その無感情な暴力性が、ジャンプスケアよりも深く刺さります。


✨ 俳優陣がすごすぎる

特筆すべきは、子どもたちの演技力の高さ。
とくに主演のラーケル・レノーラ・フレットゥムとベン役のサム・アシュラフは驚異的。

言葉よりも表情と視線で感情を伝え、観客に「えっ、いま何を考えてるの?」と不安を植え付けてくる演技は、恐ろしく成熟しているとさえ感じました。


📊 評価まとめ

項目評価
スリル・不穏さ★★★★★
演出の静けさ★★★★☆
演技力(子どもたち)★★★★★
テーマ性★★★★★
エンタメ性★★★☆☆(重く静かな展開が中心)

👥 こんな人におすすめ!

  • 心理的にじわじわと来るホラー/スリラーが好きな人
  • 『ミッドサマー』『テルマ』『ぼくのエリ』など北欧作品が好きな人
  • 子どもの純粋さと残酷さを描く作品に惹かれる人
  • ジャンプスケアではない“静かなる恐怖”を求めている人

📝 まとめの感想|“無垢”が“無邪気”ではないと気づかされる恐怖

『イノセンツ』は、ホラー映画という枠に収まらない、哲学的な深さを持つスリラー作品です。

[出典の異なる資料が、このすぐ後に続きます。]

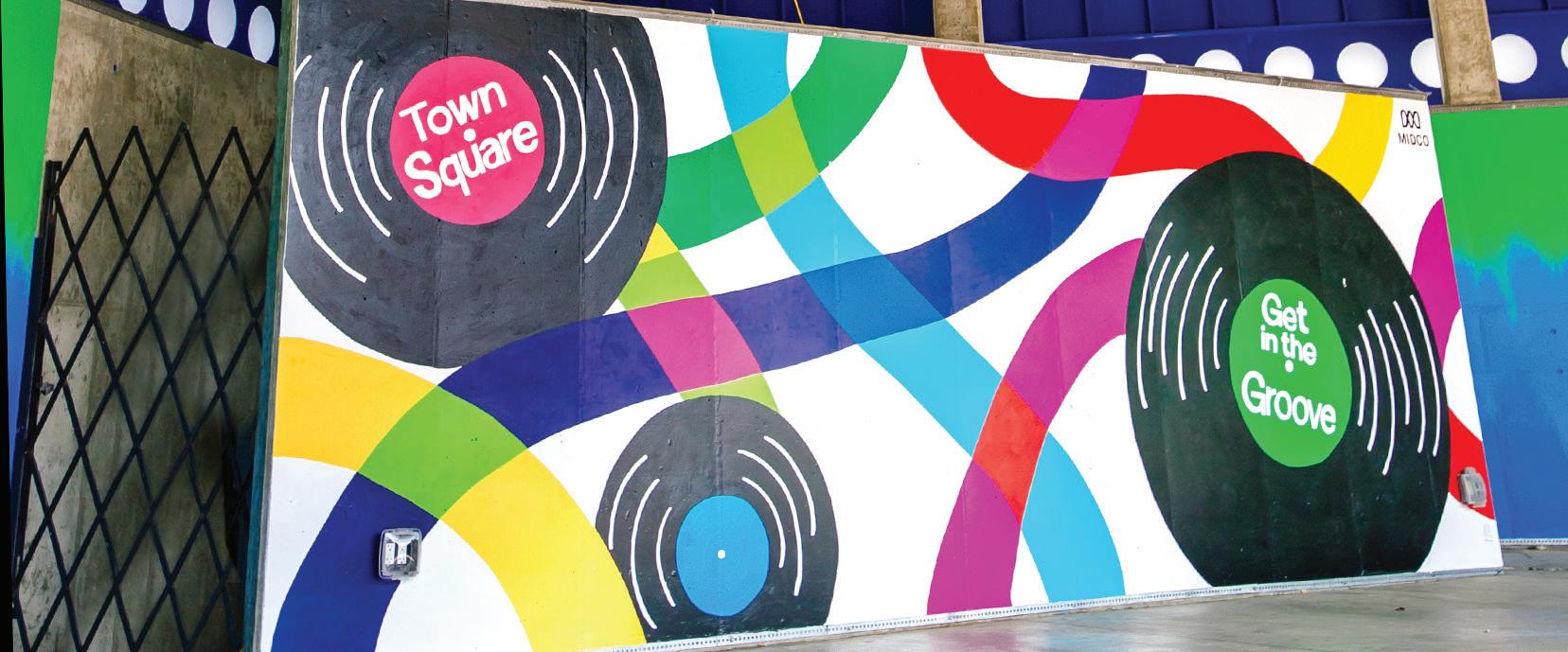 Can you walk us through the design and creation of the murals in the Town Square? Did the Three Brushketeers create the designs?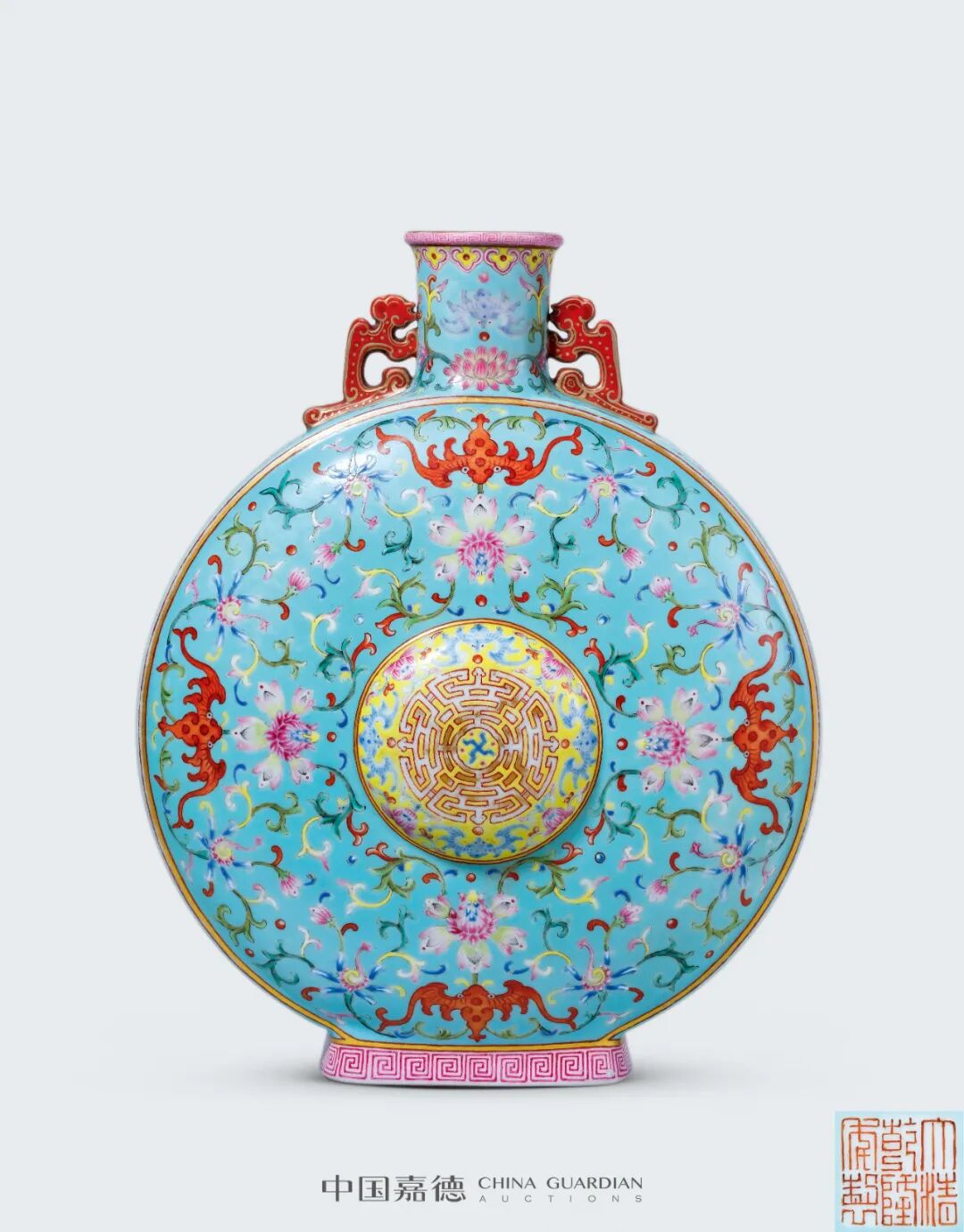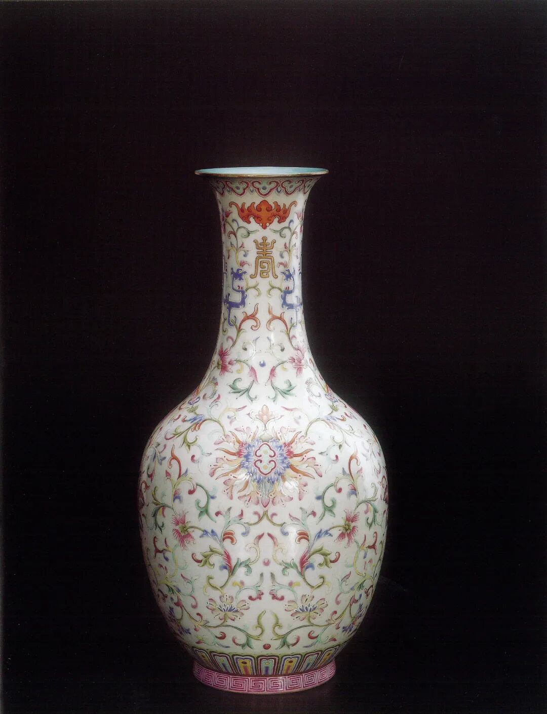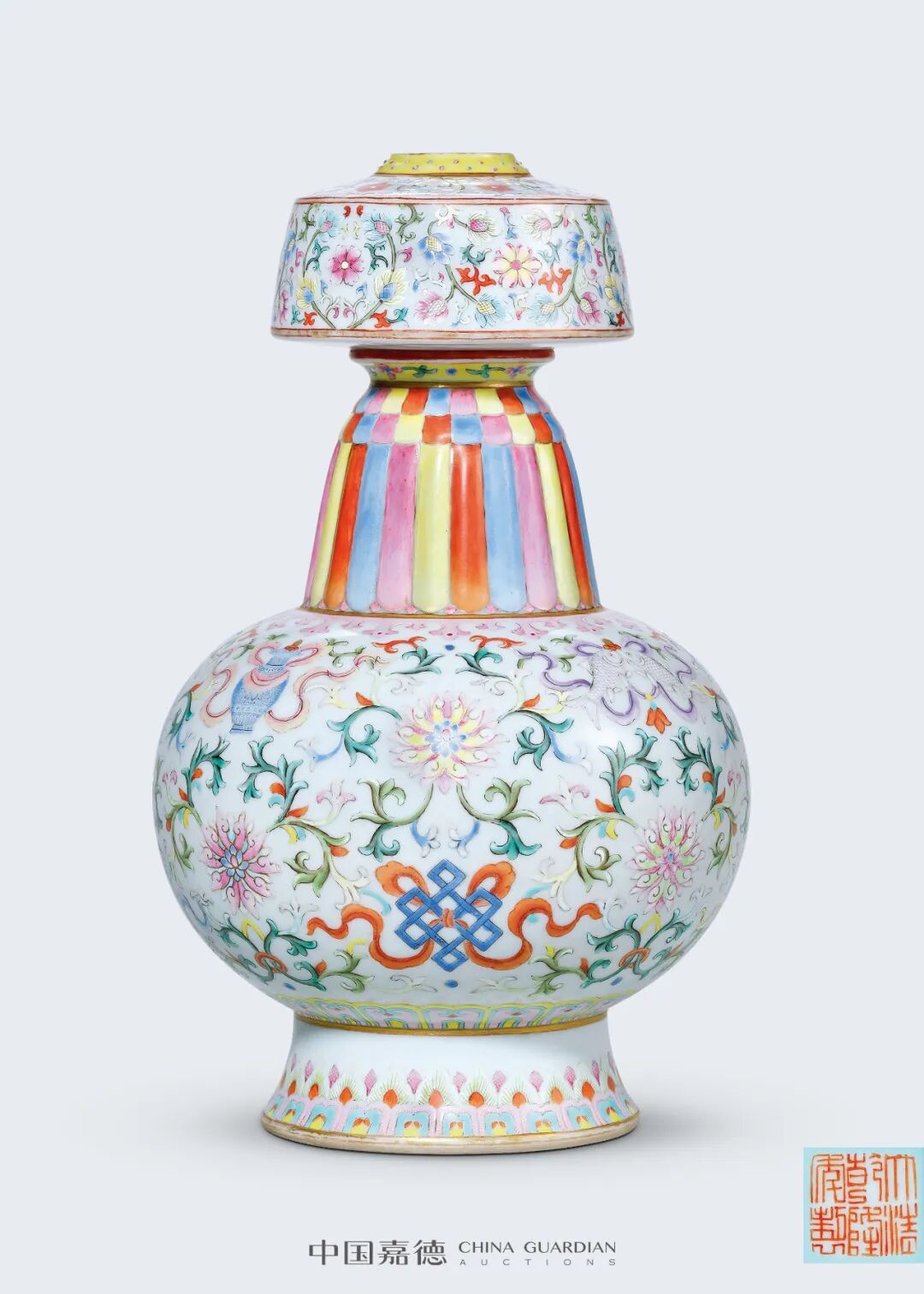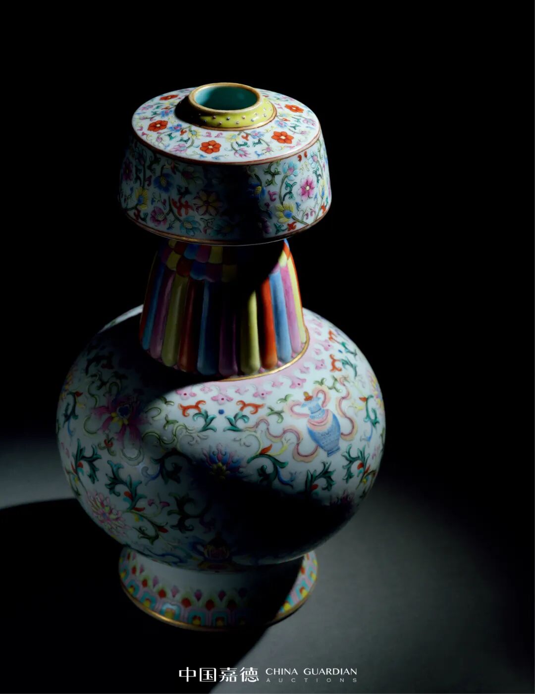 本品尊贵秀雅,纹饰细腻精美,寓意吉祥,布局繁而不乱,洋彩厚润匀净,花卉柔美舒雅,诸彩妍丽而含蓄,一展斑斓绚丽,繁缛奢华之美。

「子どもは純粋である」という幻想を、静かにそして容赦なく崩していく展開に、
観る側は息を呑み、知らぬうちに心を侵されていく感覚を味わいます。

また、映画全体が“音を使わずに恐怖を演出する”という点で非常に完成度が高く、
派手な演出がない分、リアルで生々しい恐怖がじわじわと残ります。

北欧の静謐な風景と、そこに潜む目に見えない感情の暴走――
これはまさに、“観る覚悟”が必要な一本。
「怖いけど美しい」「不快だけど目が離せない」、そんな知的ホラー体験を探している方に強くおすすめしたい作品です。